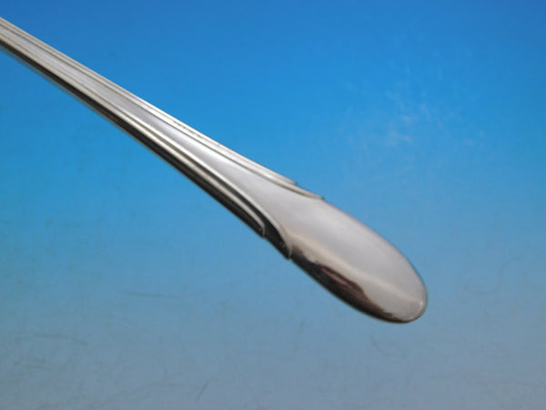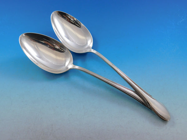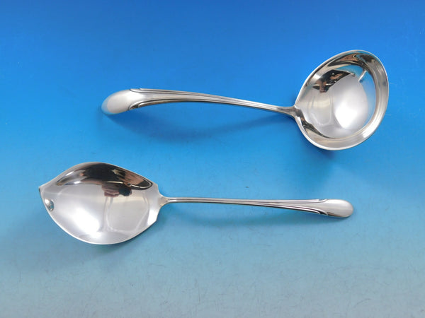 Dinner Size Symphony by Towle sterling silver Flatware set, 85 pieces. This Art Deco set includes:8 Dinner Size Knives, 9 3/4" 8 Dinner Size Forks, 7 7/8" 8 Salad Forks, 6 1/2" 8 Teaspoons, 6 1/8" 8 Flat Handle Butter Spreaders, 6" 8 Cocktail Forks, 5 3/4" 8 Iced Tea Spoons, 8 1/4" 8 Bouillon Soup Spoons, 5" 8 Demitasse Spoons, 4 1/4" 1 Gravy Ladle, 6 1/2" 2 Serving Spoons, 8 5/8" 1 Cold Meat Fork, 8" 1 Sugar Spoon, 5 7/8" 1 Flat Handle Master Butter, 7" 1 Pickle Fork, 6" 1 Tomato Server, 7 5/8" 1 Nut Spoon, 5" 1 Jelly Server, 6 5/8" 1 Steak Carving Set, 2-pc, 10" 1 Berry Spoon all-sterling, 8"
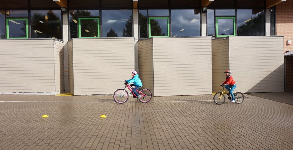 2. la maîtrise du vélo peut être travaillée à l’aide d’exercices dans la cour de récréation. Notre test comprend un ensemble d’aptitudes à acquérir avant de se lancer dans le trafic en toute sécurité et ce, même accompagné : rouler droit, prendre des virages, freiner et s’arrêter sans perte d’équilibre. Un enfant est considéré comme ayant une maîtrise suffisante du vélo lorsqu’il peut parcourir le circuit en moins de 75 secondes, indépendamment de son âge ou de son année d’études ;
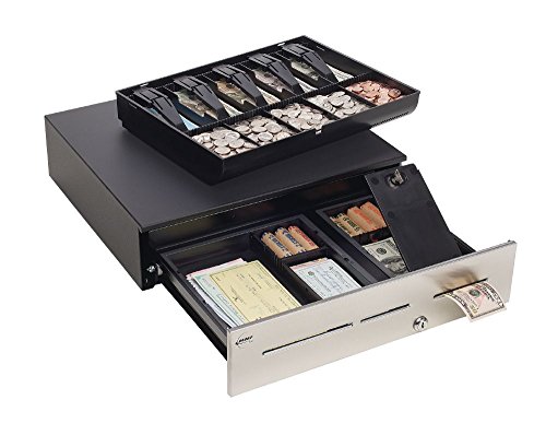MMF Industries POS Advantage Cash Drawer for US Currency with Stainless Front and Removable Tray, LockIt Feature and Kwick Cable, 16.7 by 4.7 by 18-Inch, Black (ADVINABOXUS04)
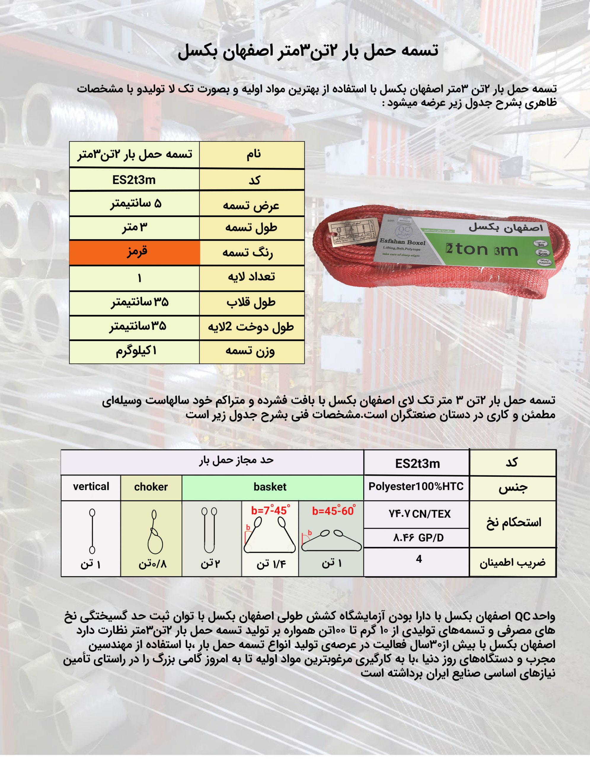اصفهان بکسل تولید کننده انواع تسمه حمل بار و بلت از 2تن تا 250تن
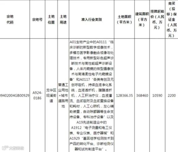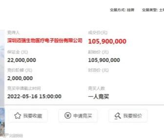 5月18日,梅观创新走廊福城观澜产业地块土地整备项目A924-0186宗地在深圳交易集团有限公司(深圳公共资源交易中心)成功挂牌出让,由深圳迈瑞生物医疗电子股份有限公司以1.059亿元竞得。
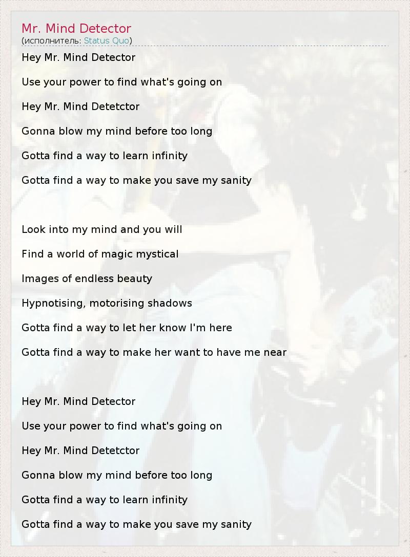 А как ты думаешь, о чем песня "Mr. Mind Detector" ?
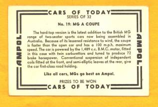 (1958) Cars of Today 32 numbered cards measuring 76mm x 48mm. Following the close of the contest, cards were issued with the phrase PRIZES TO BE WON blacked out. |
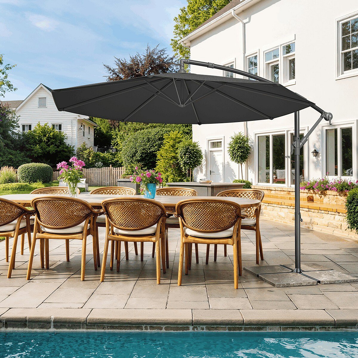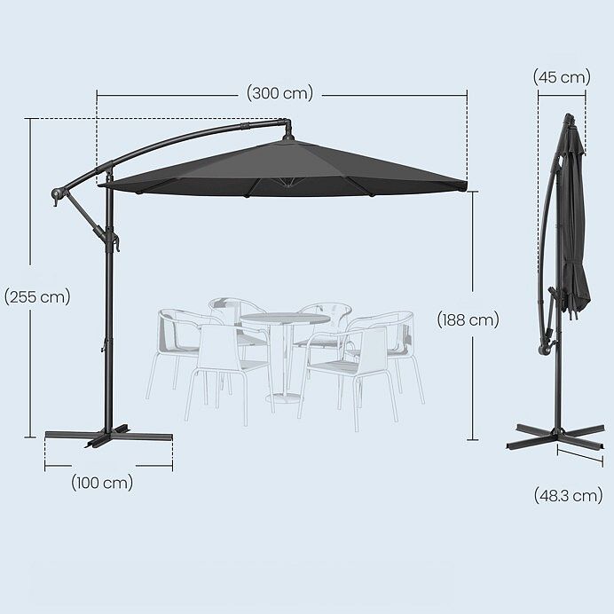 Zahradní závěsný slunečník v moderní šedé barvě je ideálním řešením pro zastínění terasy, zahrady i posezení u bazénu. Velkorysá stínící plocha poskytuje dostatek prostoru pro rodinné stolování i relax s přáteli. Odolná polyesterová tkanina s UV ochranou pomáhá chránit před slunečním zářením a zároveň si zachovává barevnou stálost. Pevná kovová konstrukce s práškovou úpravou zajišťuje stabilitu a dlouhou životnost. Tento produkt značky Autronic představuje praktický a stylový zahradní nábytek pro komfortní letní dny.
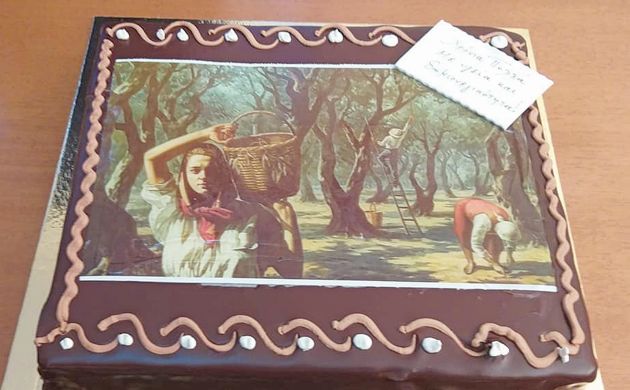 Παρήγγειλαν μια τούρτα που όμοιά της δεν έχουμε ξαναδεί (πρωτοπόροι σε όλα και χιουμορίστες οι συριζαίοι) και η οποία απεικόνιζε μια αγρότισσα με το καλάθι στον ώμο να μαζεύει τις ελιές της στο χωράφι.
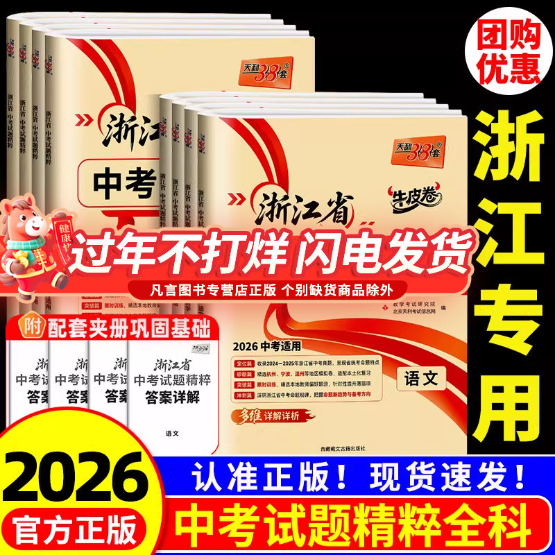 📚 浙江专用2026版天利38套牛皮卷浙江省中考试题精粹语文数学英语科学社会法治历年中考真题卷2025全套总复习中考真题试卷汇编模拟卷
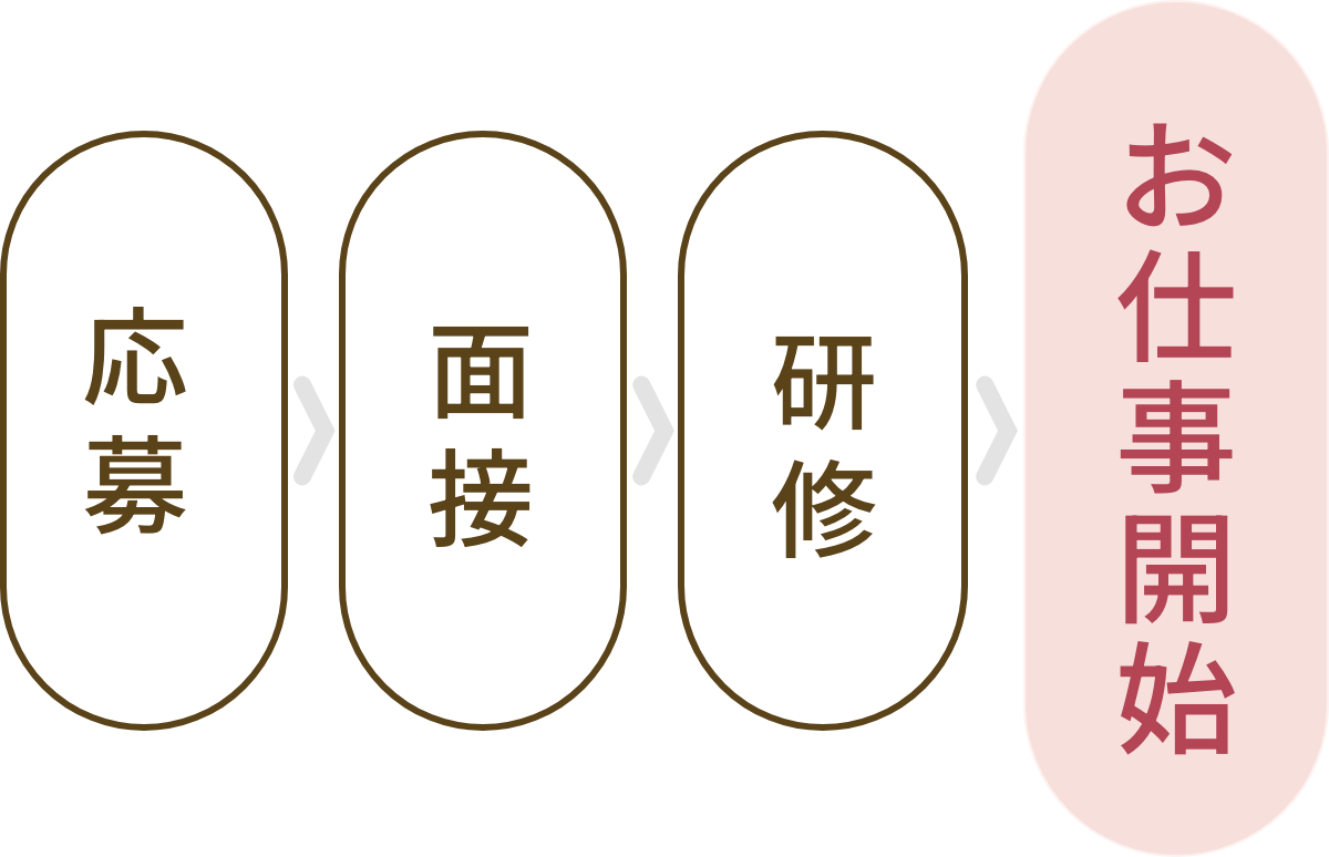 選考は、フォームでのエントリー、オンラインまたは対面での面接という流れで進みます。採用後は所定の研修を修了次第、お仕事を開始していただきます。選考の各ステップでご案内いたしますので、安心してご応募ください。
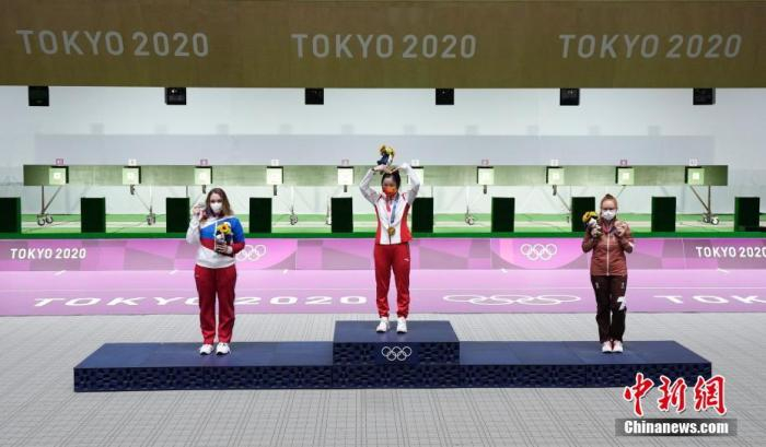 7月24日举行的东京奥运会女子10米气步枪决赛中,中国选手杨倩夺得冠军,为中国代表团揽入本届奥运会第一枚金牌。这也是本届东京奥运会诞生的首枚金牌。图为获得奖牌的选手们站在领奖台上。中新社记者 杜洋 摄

______________________________

§ **PROBLEM DETAILS**
Quote, word for word and nothing more, every line from the line with "(1958) Cars of" to the end of the entries, including both ends; skip any pictures.

§ **SOLUTION FOR THIS TASK**
 (1958) Cars of Today 32 numbered cards measuring 76mm x 48mm. Following the close of the contest, cards were issued with the phrase PRIZES TO BE WON blacked out. |
 Zahradní závěsný slunečník v moderní šedé barvě je ideálním řešením pro zastínění terasy, zahrady i posezení u bazénu. Velkorysá stínící plocha poskytuje dostatek prostoru pro rodinné stolování i relax s přáteli. Odolná polyesterová tkanina s UV ochranou pomáhá chránit před slunečním zářením a zároveň si zachovává barevnou stálost. Pevná kovová konstrukce s práškovou úpravou zajišťuje stabilitu a dlouhou životnost. Tento produkt značky Autronic představuje praktický a stylový zahradní nábytek pro komfortní letní dny.
 Παρήγγειλαν μια τούρτα που όμοιά της δεν έχουμε ξαναδεί (πρωτοπόροι σε όλα και χιουμορίστες οι συριζαίοι) και η οποία απεικόνιζε μια αγρότισσα με το καλάθι στον ώμο να μαζεύει τις ελιές της στο χωράφι.
 📚 浙江专用2026版天利38套牛皮卷浙江省中考试题精粹语文数学英语科学社会法治历年中考真题卷2025全套总复习中考真题试卷汇编模拟卷
 選考は、フォームでのエントリー、オンラインまたは対面での面接という流れで進みます。採用後は所定の研修を修了次第、お仕事を開始していただきます。選考の各ステップでご案内いたしますので、安心してご応募ください。
 7月24日举行的东京奥运会女子10米气步枪决赛中,中国选手杨倩夺得冠军,为中国代表团揽入本届奥运会第一枚金牌。这也是本届东京奥运会诞生的首枚金牌。图为获得奖牌的选手们站在领奖台上。中新社记者 杜洋 摄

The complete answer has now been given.